Another solution to make it faster could be:另一个使其更快的解决方案可能是:

DateTime yesterday = DateTime.Today.AddDays(-1); //initialize this variable only one time

foreach (FileInfo flInfo in directory.GetFiles()){
    if (flInfo.CreationTime.Date == yesterday.Date) //use directly flInfo.CreationTime and flInfo.Name without create another variable 
       yesterdaysList.Add(flInfo.Name.Substring(3,4));
}

Benchmark:基准:

I did a benchmark by using this code:我使用以下代码进行了基准测试:

class Program {
    static void Main( string[ ] args ) {
        DirectoryInfo directory = new DirectoryInfo( @"D:\Films" );
        Stopwatch timer = new Stopwatch( );
        timer.Start( );

        for ( int i = 0; i < 100000; i++ ) {
            List<string> yesterdaysList = directory.GetFiles( ).Where( x => x.CreationTime.Date == DateTime.Today.AddDays( -1 ) )
                                              .Select( x => x.Name )
                                              .ToList( );
        }

        timer.Stop( );
        TimeSpan elapsedtime = timer.Elapsed;
        Console.WriteLine( string.Format( "{0:00}:{1:00}:{2:00}", elapsedtime.Minutes, elapsedtime.Seconds, elapsedtime.Milliseconds / 10 ) );
        timer.Restart( );

        DateTime yesterday = DateTime.Today.AddDays( -1 ); //initialize this variable only one time
        for ( int i = 0; i < 100000; i++ ) {
            List<string> yesterdaysList = new List<string>( );

            foreach ( FileInfo flInfo in directory.GetFiles( ) ) {
                if ( flInfo.CreationTime.Date == yesterday.Date ) //use directly flInfo.CreationTime and flInfo.Name without create another variable 
                    yesterdaysList.Add( flInfo.Name.Substring( 3, 4 ) );
            }
        }


        timer.Stop( );
        elapsedtime = timer.Elapsed;
        Console.WriteLine( string.Format("{0:00}:{1:00}:{2:00}", elapsedtime.Minutes, elapsedtime.Seconds, elapsedtime.Milliseconds / 10));
        timer.Restart( );

        for ( int i = 0; i < 100000; i++ ) {
            List<string> list = new List<string>( );

            foreach ( FileInfo flInfo in directory.GetFiles( ) ) {
                DateTime _yesterday = DateTime.Today.AddDays( -1 );
                String name = flInfo.Name.Substring( 3, 4 );
                DateTime creationTime = flInfo.CreationTime;
                if ( creationTime.Date == _yesterday.Date )
                    list.Add( name );
            }
        }

        elapsedtime = timer.Elapsed;
        Console.WriteLine( string.Format( "{0:00}:{1:00}:{2:00}", elapsedtime.Minutes, elapsedtime.Seconds, elapsedtime.Milliseconds / 10 ) );
    }
}

Results:结果:

First solution: 00:19:84
Second solution: 00:17:64
Third solution: 00:19:91 //Your solution

I think you are after getting more efficiency at the file system level, not at the C# level.我认为您是在文件系统级别获得更高的效率,而不是在 C# 级别。 If that is the case the answer is no : There is no way to tell the file system to filter by date.如果是这种情况,答案是否定的:无法告诉文件系统按日期过滤。 It will needlessly return everything.它会不必要地返回一切。

If you are after CPU efficiency: This is pointless becauseadding items to a listbox is so incredibly more expensive than filtering on date.如果您追求 CPU 效率:这是毫无意义的,因为将项目添加到列表框比按日期过滤要贵得多。 Optimizing your code will yield no results.优化您的代码不会产生任何结果。

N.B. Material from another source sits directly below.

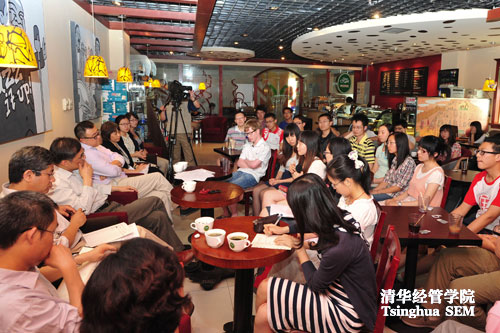 2012年5月7日下午,在经管学院舜德咖啡厅举行了本学期的“与院长共品下午茶”本科生专场。院长钱颖一、党委书记杨斌、副院长白重恩、本科学术协调人钟笑寒等多位老师与几十位四个年级的本科生进行了广泛且深入的交流,话题集中在学院的本科教育改革。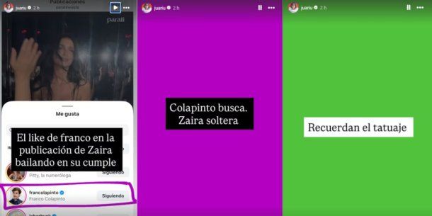 Juariu, reconocida influencer, logró detectar esto y rápidamente lo subió a su cuenta de Instagram, donde sus seguidores también replicaron la imagen y se volvió viral en cuestión de minutos. “El like de Franco en la publicación de Zaira bailando en su cumple”, escribió Juariu, adjuntando la captura que mostraba lo que ella estaba relatando.

I didn't feel like creating enough files with the correct creation date to do a decent benchmark, so I did a more general version that takes a start and end time and gives out the names of files that match.我不想用正确的创建日期创建足够的文件来做一个不错的基准测试,所以我做了一个更通用的版本,它需要开始和结束时间并给出匹配的文件的名称。 Making it give a particular substring of files created yesterday follows naturally from that.让它给出昨天创建的文件的特定子字符串,自然而然地随之而来。

The quickest single-threaded pure .NET answer I came up with was:我想出的最快的单线程纯 .NET 答案是:

private static IEnumerable<string> FilesWithinDates(string directory, DateTime minCreated, DateTime maxCreated)
{
    foreach(FileInfo fi in new DirectoryInfo(directory).GetFiles())
        if(fi.CreationTime >= minCreated && fi.CreationTime <= maxCreated)
            yield return fi.Name;
}

I would have expected EnumerateFiles() to be slightly faster, but it turned out slightly slower (might do better if you're going over a network, but I didn't test that).我原以为EnumerateFiles()会稍微快一点,但结果会稍微慢一点(如果你通过网络访问可能会更好,但我没有测试过)。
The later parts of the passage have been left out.